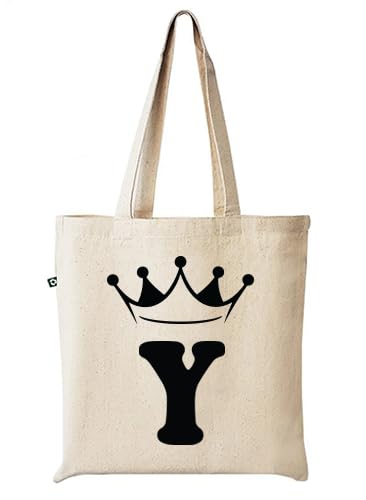 Generic - شنطة يد كبيرة توت قماشية بطباعة حرف التاج (Y)، مصنوعة من القطن الطبيعي، بمقابض طويلة
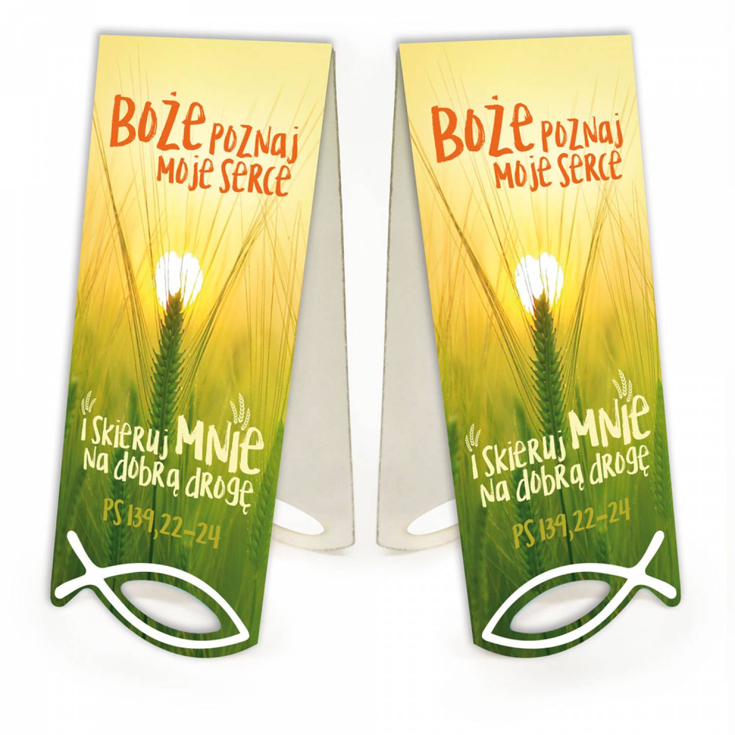 jak i na dole strony książki. Zakładka jest dwustronnie nadrukowana. Dolna część zakładki opatrzona symbolem rybki.
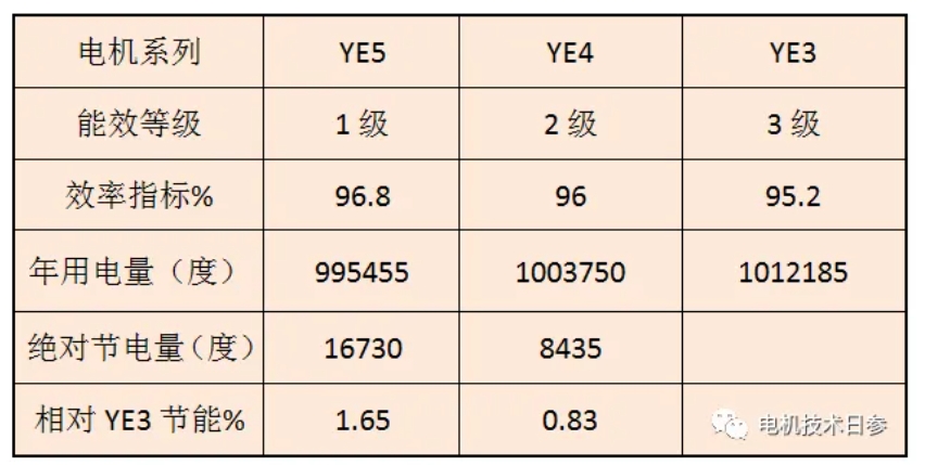 From the data in the table, we can see that the relative energy saving seems to be small, but the absolute power saving is a very considerable number, especially for large-sized motors, the absolute energy saving effect will be more obvious.
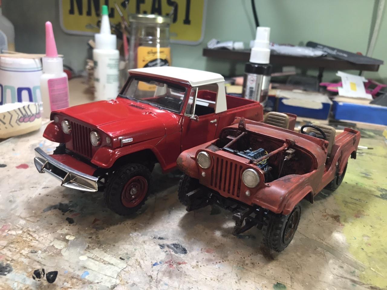 Both pickups look great! This year I built three green 1950 Chevy pickups! I get stuck on color too. For the Jeep I just finished I couldn’t picture it in any color so I left it to chance. I went to the store the other day and decided that I’d paint it to match the first Jeep I saw. As I waited at the stop sign to get out of my neighborhood, an orange Jeep drove by. And that’s what I did! -
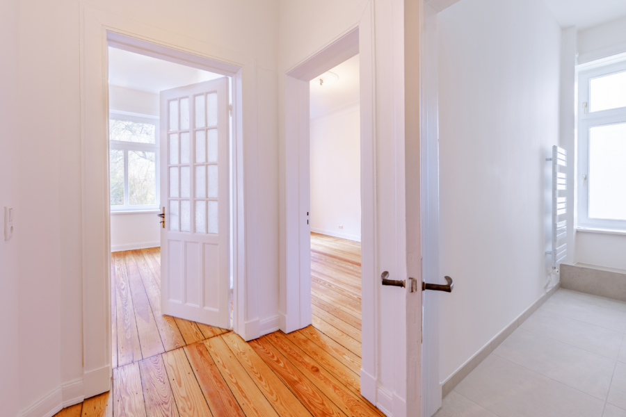 Die hintere Wohnung präsentiert sich bereits in voll-ständig renoviertem Zustand. Hier wurden unter

+ + + + + + +

▶ **What the exercise asks**
Pictures are to be left out; the lines from the start of the records above through the line holding "jak i na dole" are to be returned exactly.

▶ **Answer area**
 Generic - شنطة يد كبيرة توت قماشية بطباعة حرف التاج (Y)، مصنوعة من القطن الطبيعي، بمقابض طويلة
 jak i na dole strony książki. Zakładka jest dwustronnie nadrukowana. Dolna część zakładki opatrzona symbolem rybki.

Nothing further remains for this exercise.